Skeletal muscle holds significant regenerative potential but is incapable of restoring tissue loss caused by severe injury, congenital defects or tumour ablation. Consequently, skeletal muscle models are being developed to study human pathophysiology and regeneration. Their physiological accuracy, however, is hampered by the lack of an easily accessible human cell source that is readily expandable and capable of efficient differentiation. MYOD1, a master gene regulator, induces transdifferentiation of a variety of cell types into skeletal muscle, although inefficiently in human cells. Here we used MYOD1 to establish its capacity to induce skeletal muscle transdifferentiation of human dermal fibroblasts under baseline conditions. We found significant transdifferentiation improvement via transforming growth factor-β/activin signalling inhibition, canonical WNT signalling activation, receptor tyrosine kinase binding and collagen type I utilization.
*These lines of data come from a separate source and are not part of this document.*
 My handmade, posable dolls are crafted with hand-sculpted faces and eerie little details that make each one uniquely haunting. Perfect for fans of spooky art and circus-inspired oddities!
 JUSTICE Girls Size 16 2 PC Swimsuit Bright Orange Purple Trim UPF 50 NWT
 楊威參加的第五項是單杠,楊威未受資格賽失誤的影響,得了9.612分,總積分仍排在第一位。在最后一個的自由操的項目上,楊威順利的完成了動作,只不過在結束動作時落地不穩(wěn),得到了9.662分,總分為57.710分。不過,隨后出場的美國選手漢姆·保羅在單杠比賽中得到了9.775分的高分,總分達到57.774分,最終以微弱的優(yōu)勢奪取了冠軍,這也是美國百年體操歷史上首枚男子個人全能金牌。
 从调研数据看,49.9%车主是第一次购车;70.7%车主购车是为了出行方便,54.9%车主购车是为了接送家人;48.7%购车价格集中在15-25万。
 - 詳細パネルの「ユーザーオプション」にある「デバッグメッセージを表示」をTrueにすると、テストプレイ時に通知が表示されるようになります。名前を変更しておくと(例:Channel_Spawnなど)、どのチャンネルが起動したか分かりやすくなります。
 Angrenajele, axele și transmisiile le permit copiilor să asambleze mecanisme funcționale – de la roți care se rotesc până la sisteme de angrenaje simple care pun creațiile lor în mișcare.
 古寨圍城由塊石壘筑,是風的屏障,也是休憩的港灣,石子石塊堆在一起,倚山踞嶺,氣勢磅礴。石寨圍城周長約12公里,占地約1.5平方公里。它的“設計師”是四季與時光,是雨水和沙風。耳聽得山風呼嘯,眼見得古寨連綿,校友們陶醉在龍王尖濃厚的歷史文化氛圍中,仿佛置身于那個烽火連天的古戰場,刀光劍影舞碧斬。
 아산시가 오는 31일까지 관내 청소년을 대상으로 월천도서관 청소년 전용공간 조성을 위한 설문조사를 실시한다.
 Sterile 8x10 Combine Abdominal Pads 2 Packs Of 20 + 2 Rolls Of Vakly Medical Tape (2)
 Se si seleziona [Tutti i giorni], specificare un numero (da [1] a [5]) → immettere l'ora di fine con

Mechanistically, manipulation of individual signalling pathways modulated the transdifferentiation process via myoblast proliferation, lowering the transdifferentiation threshold and inducing cell fusion. Overall, we used transdifferentiation to achieve the robust derivation of human skeletal myotubes and have described the signalling pathways and mechanisms regulating this process.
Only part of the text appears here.